With a major election looming, US government authorities were already gearing up for an unusual 2020 long before the COVID-19 pandemic hit – but amidst a flood of increasingly aggressive and organised cybercrime, the head of the US’ peak cybersecurity body has said cyber defenders’ remit has rapidly changed as the agency works to protect the fast-tracked coronavirus vaccine program.

Over the past six months, Cybersecurity & Infrastructure Security Agency (CISA) director Chris Krebs told an online audience in opening the agency’s Cybersummit 2020, agency staff have been actively engaging with government peers, private-sector partners and even ethical hackers to navigate the rapidly-shifting cybersecurity threat.

This approach, rather than trying to single-handedly run broad cybersecurity programs on its own, has helped the agency rapidly establish its role as a facilitator of cybersecurity response since it was formed by presidential decree in November 2018.

Its ongoing threat-intelligence effort – the agency monitors around 3m endpoints for malware, gets nearly 100 new malware submissions and collects around 7.2TB of “incredibly rich” data per day, Krebs said – has helped the agency “extract insights” at a scale that has helped it and its partners keep on top of the surge in COVID-19 related cybercrime.

“We’re the nation’s risk advisor,” he explained. “My job is to ensure that you have the information you need to be safe and successful in managing your risk.”

Securing the virus response

Yet even as the fast-tracked coronavirus vaccine program ramped up early this year – carrying the moniker Operation Warp Speed – it quickly became clear that the operation’s integrity would depend on proactively identifying and fixing potential cyber weaknesses in the complex web of government and private-sector organisations involved in virus research and production.

The Operation Warp Speed supply chain was riddled with potential vectors for outside interference, said Josh Corman, an ethical hacker who was seconded to CISA in July as a visiting researcher tasked to help protect a vaccine effort where, he said, “even a month’s delay translates into 5 million of our loved ones [infected].”

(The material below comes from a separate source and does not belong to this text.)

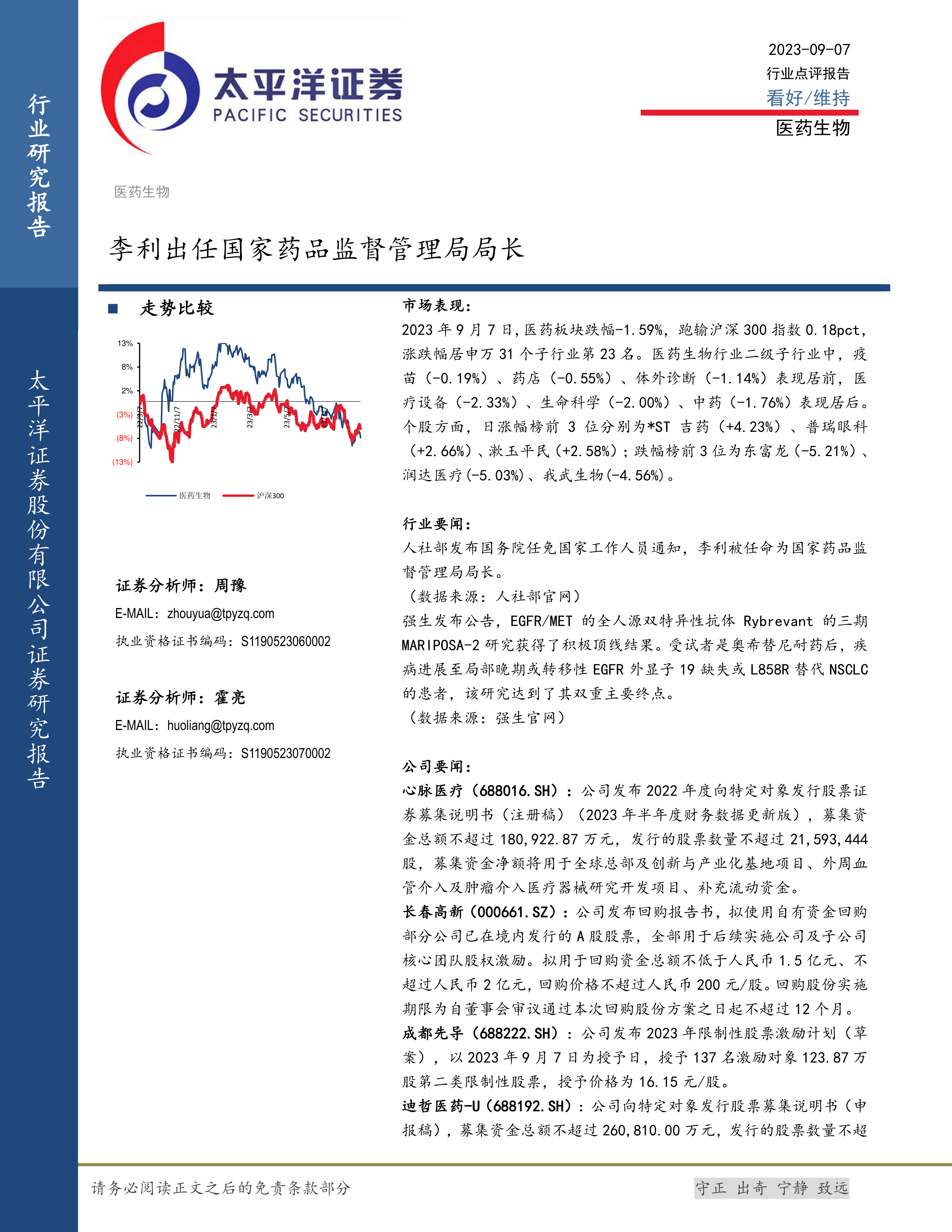 本报告的核心观点聚焦于2023年9月7日医药生物行业的市场表现、重要行业动态以及相关公司公告。报告指出,当日医药板块整体表现不佳,但部分细分领域表现突出。同时,国家药品监督管理局局长的人事变动以及强生公司新药研发的积极进展,为行业带来了新的关注点。此外,多家上市公司发布了定向增发、回购、股权激励等公告,反映了行业内公司对未来发展的不同策略。
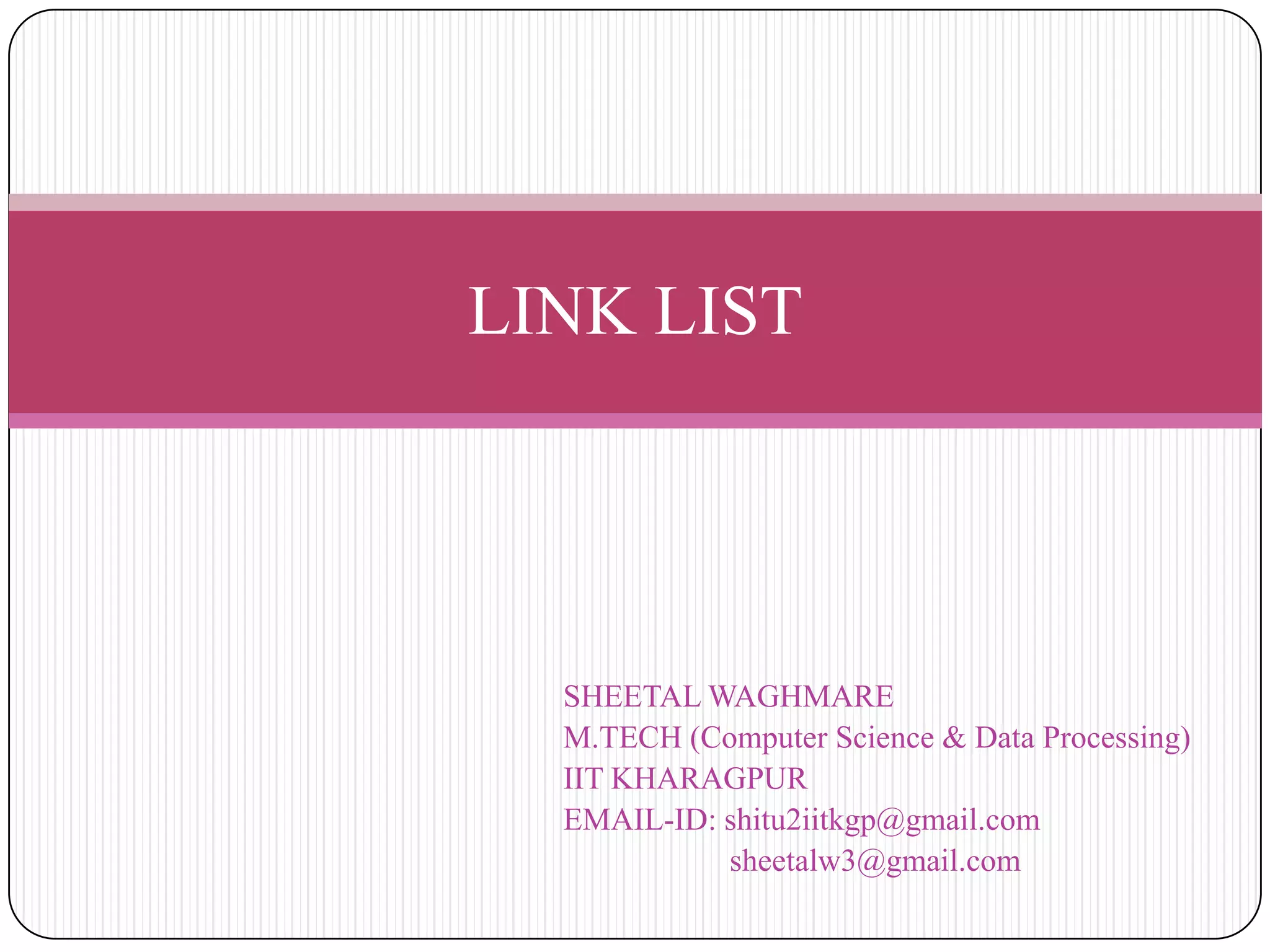 The document is a comprehensive presentation by Sheetal Waghmare on linked lists and their implementation in computer science, particularly focusing on data structures like singly linked lists, doubly linked lists, and various operations such as insertion, deletion, and searching. It discusses the advantages of linked lists over arrays, highlighting issues like fixed size and slower operations in arrays. The document also includes details on different types of linked lists, their anatomy, and algorithms for manipulating these data structures.

“In this exercise with such high consequences, as we are over-dependent on undependable things potentially affecting public safety,” Corman said, “and to prevent delays to the Operation Warp Speed mission we are now more dependent than ever on you and what you will do about it.”

Protecting the rapidly-evolving and multifaceted vaccine response will require cybersecurity defenders to “think outside the box, get very creative and use a whole of community approach,” he said, citing the importance of uniting the public sector, private sector, hacker community, volunteer groups like the CTI League, and “any and all willing allies”.

Corman knows first-hand about the power of uniting grassroots hacker communities to fight a common enemy: as founder of IAmTheCavalry.org seven years ago, he has long worked with like-minded hackers to identify and mitigate threats against life-saving technology.

That effort grew out of concerns that “our dependence on connected technology is growing faster than our ability to secure it,” he said in opening the CISA conference.

“I was deeply concerned that with a failure rate approaching 100 per cent, that all of us have lost intellectual property or trade secrets [and] many federal agencies have been compromised successfully by foreign adversaries and those who wish to do us harm.”

This had proven particularly true during the COVID-19 pandemic, CISA associate director for vulnerability management Boyden Rohner explained, noting that “all crises present unique opportunities for malicious actors to capitalise on people’s fears and COVID-19 is no different.”

“As a nation we went into the pandemic with inconsistent cyber hygiene practices and limited security awareness training,” she explained, noting that pandemic-related voice-based attacks, state actor-driven information-warfare campaigns, fake domains and myriad other attacks had “challenged us to give new types of risk advice because few were prepared for the all-remote lifestyle that the pandemic has required.”

“Attackers began to take advantage of that remote-working lifestyle nearly as quickly as we adopted it,” she added, noting that CISA and its network of partners had already taken down some 7,000 fraudulent domains and reduced the volume of COVID-19 related spam campaigns.